Training unseen translations with pseudo-pairs.

The previous figure shows the additional branches added to the original M&MNet framework for the cross-modal translation problem (see previous post for details) to exploit unseen shared-information. We also add a new loss term that enforces aligning the prediction using the corresponding error metrics for segmentation and depth 

L_{PP} = \mathbb{E}_{(x^{(R)},x^{(S)})\sim \mathcal{D}_{RS}}\left[ \mathcal{B}\left(T_{RD}\left(x^{(R)}\right)-T_{SD}\left(x^{(S)}\right) \right) \right] + \mathbb{E}_{(x^{(R)},x^{(D)})\sim \mathcal{D}_{RD}}\left[ \mathcal{CE}\left(T_{RS}\left(x^{(R)}\right),T_{DS}\left(x^{(D)}\right)\right) \right]

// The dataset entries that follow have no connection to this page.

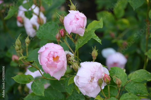 Large green bush with fresh delicate light pink roses in full bloom in a summer garden, in direct sunlight, beautiful outdoor floral background photographed with soft focus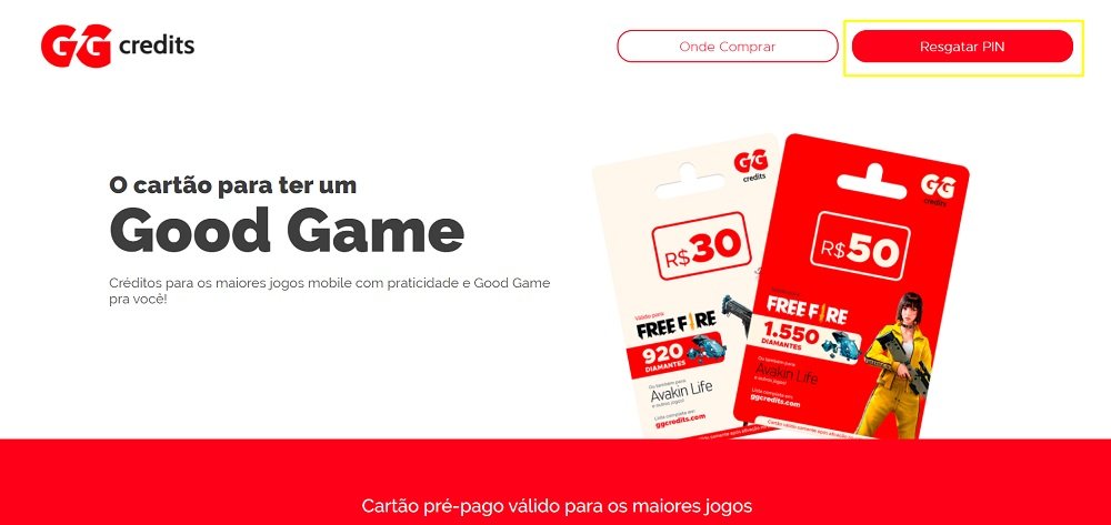 Após comprar o cartão pré-pago ou adquirir o pin digital em um dos estabelecimentos indicados acima, o jogador precisa acessar o site oficial do GGCredits para conseguir resgatar os diamantes no Free Fire. Desta forma, é possível entrar no site por meio deste link. Após acessá-lo, clique em “Resgatar PIN” no canto superior direito.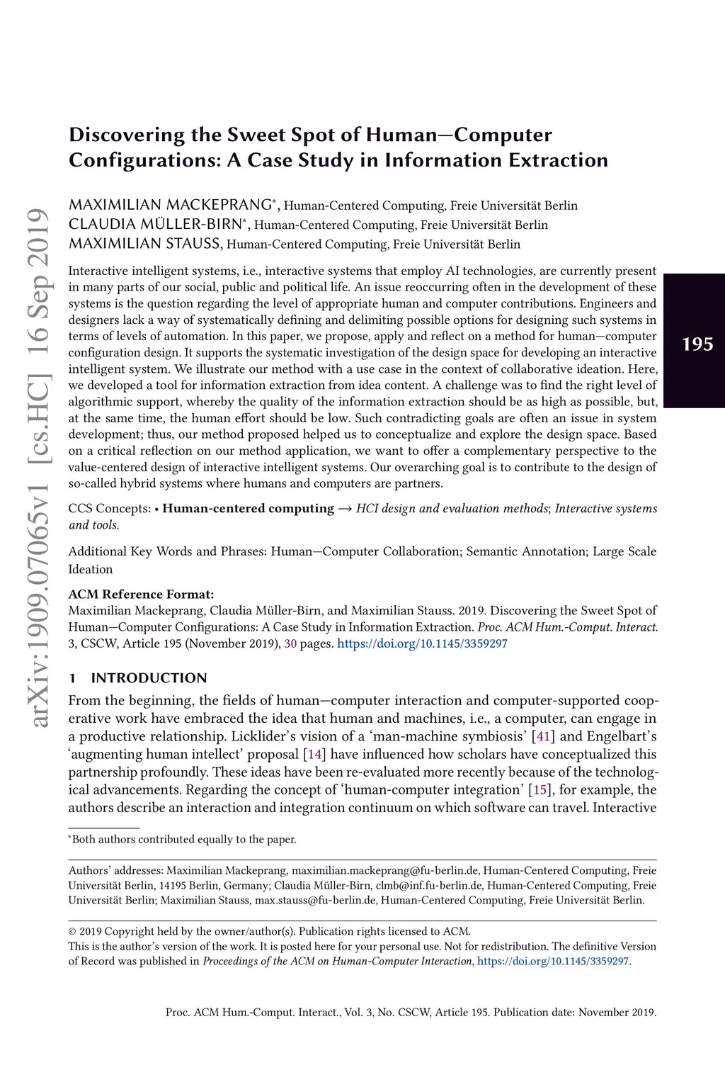 Interactive intelligent systems, i.e., interactive systems that employ AI technologies, are currently present in many parts of our social, public and political life. An issue reoccurring often in the development of these systems is the question regarding the level of appropriate human and computer contributions. Engineers and designers lack a way of systematically defining and delimiting possible options for designing such systems in terms of levels of automation. In this paper, we propose, apply and reflect on a method for human-computer configuration design. It supports the systematic investigation of the design space for developing an interactive intelligent system. We illustrate our method with a use case in the context of collaborative ideation. Here, we developed a tool for information extraction from idea content. A challenge was to find the right level of algorithmic support, whereby the quality of the information extraction should be as high as possible, but, at the same time, the human effort should be low. Such contradicting goals are often an issue in system development; thus, our method proposed helped us to conceptualize and explore the design space. Based on a critical reflection on our method application, we want to offer a complementary perspective to the value-centered design of interactive intelligent systems. Our overarching goal is to contribute to the design of so-called hybrid systems where humans and computers are partners.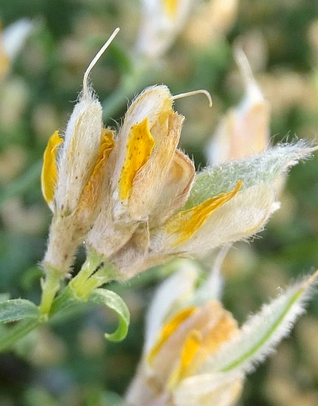 Fahne aufrecht, 13 mm lang, am Rücken behaart, Flügel kahl, Schiffchen, seidenhaarig, ca. so lang wie Fahne und Flügel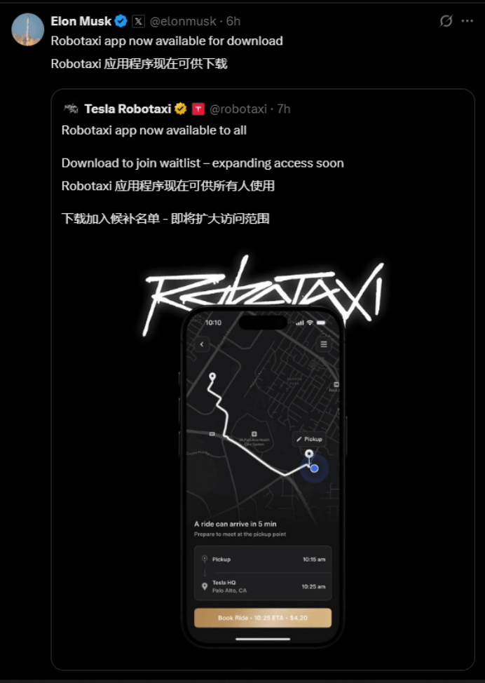 ▍特斯拉Robotaxi应用已正式对美国公众开放;FSD在欧洲柏林工厂实现自动从生产线行驶至指定停放区域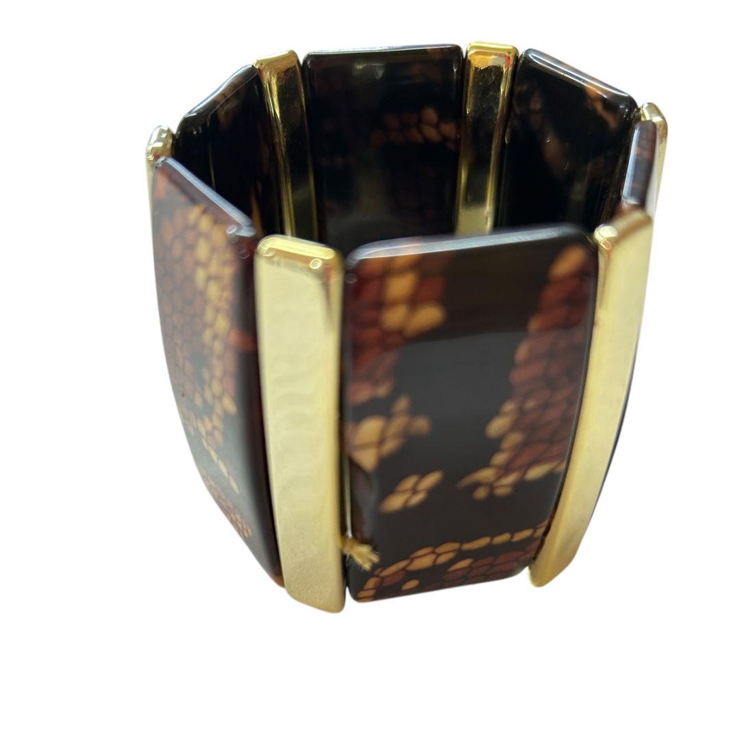 Acrylic Stretch Statement Bracelet Reptile Print 1.8" Wide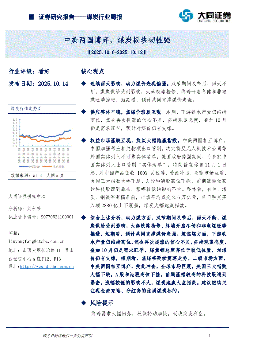煤炭行业:大同证券-煤炭行业周报:中美两国博弈,煤炭板块韧性强-251014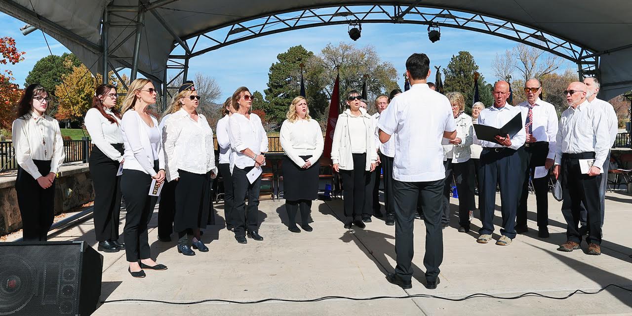 The Los Alamos Choral Society performs the National Anthem under the direction of Derek Gilmore at the 2025 Veterans Day Ceremony on Tuesday at Ashley Pond Park. Photo by John McHale/ladailypost.com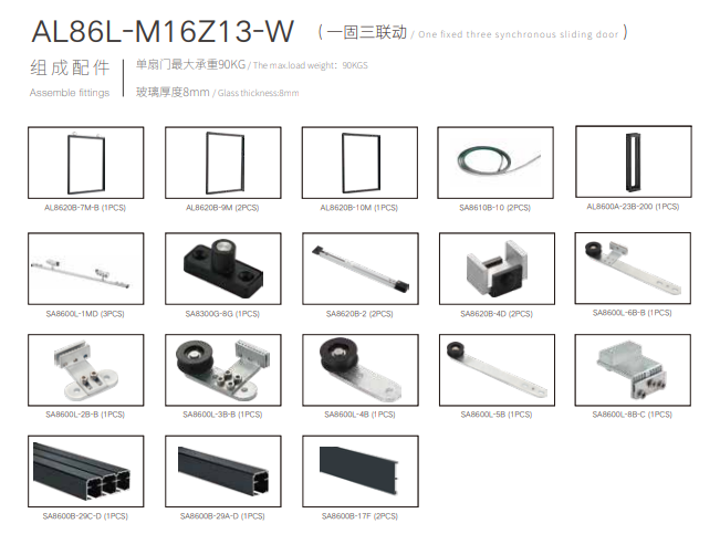 Modern Kitchen and Bedroom Sliding Door Simple Balcony Partition Aluminum Made in China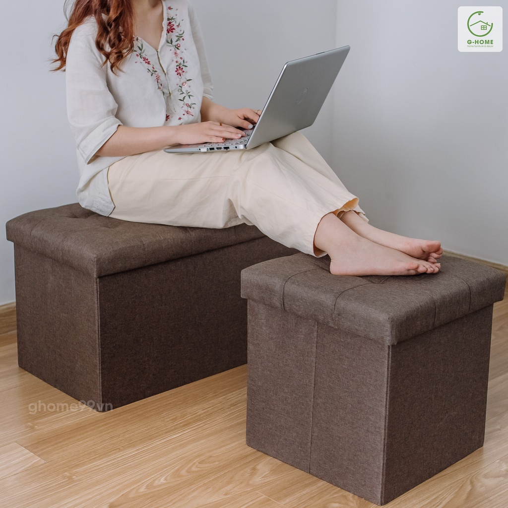 Nhà cửa & Đời sống > Nội thất > Ghế, ghế dài, ghế đẩu || Combo thùng vải đựng đồ kiêm ghế ngồi Ghome, ghế đôn khung gỗ nhân tạo bọc vải chắc chắn, tiện lợi TV04Còn hàng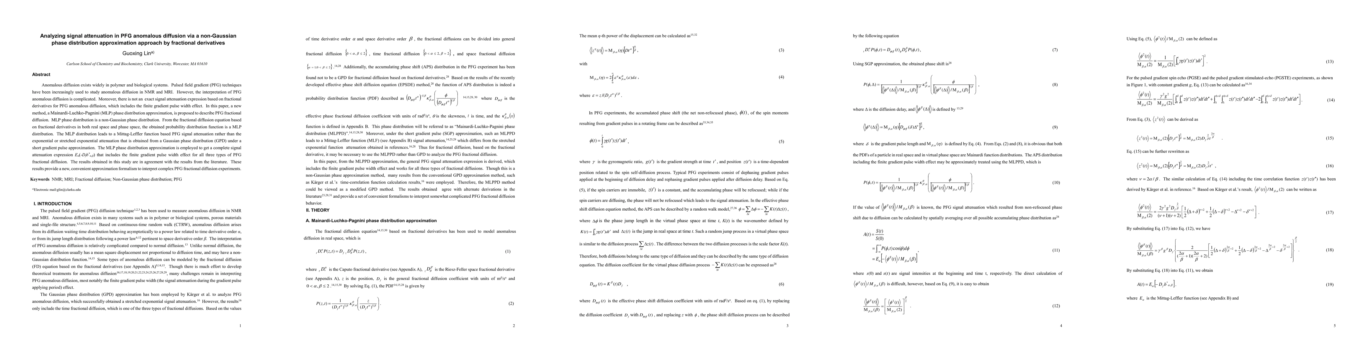 The paper introduces a novel MLP phase distribution approximation approach to describe PFG fractional diffusion, providing a complete signal attenuation expression that incorporates the finite gradient pulse width effect.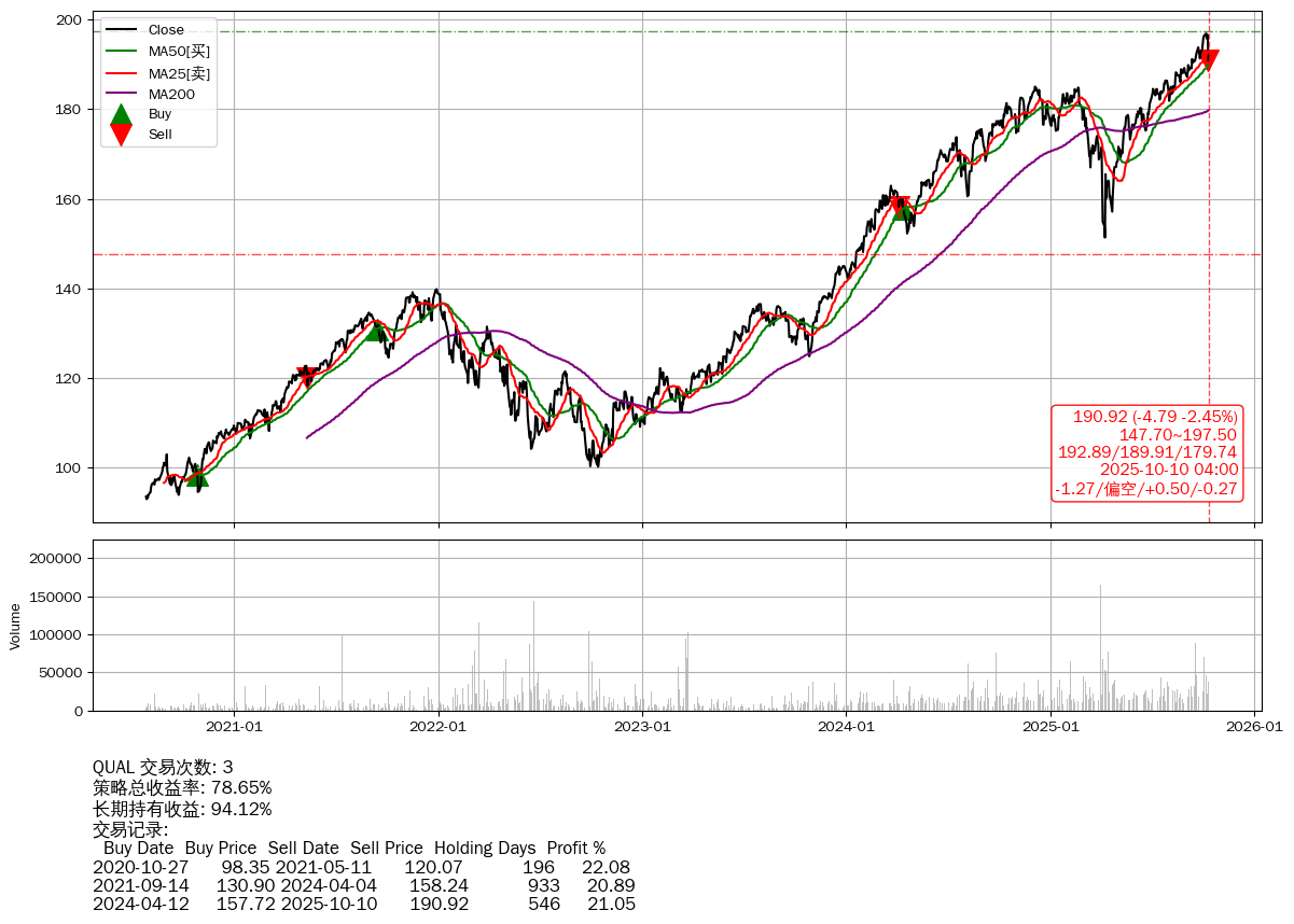 | 64 | ★QUAL | +78.65% | +94.12% | -15.47% | 3 | -1.27/偏空/+0.50/-0.27 | 2020-07-27~2025-10-10 |

Finally, we observe that the segmentation and depth decoders T_{RS} and T_{RD} are already trained in parallel using the original training pairs. RGB-segmentation pairs are more reliable than pseudo-pairs segmentation (similarly for the other direction).

Examples

We first illustrate the importance of exploiting unseen information between domains with the color opponent scenario. In the following figure we can observe how the original M&MNets can’t recover certain color components and the resulting color is often different from the ground truth. In contrast, using cont. This also increased the recognizability of the resulting image, increasing from 36.5% a 57.5% (evaluated with a classifier trained on the original training images).

Color opponent experiment on flowers (from left to right: input, M&MNets, M&MNets+pseudo-pairs, ground truth)

The next example illustrate how M&MNets can perform zero-pair cross-modal translation from depth to segmentation. Pseudo-pairs help to improve the zero-pair segmentation performance.

Zero-pair depth-to-segmentation

In conclusion, we revisited the mix and match networks framework. In this post we observe that the original framework didn’t exploit unseen shared information, which can be exploited using pseudo-pairs, further improving zero-pair translation.

References

Y. Wang, J. van de Weijer, L. Herranz, “Mix and match networks: encoder-decoder alignment for zero-pair image translation”, Proc. International Conference on Computer Vision and Pattern Recognition (CVPR18), Salt Lake City, Utah, USA, June 2018[supp][arxiv][slides][poster]
Y. Wang, L. Herranz, J. van de Weijer, “Mix and match networks: multi-domain alignment for unpaired image-to-image translation”, International Journal of Computer Vision, vol. 128, no. 12, pp. 2849–2872, Dec. 2020 [arxiv][link].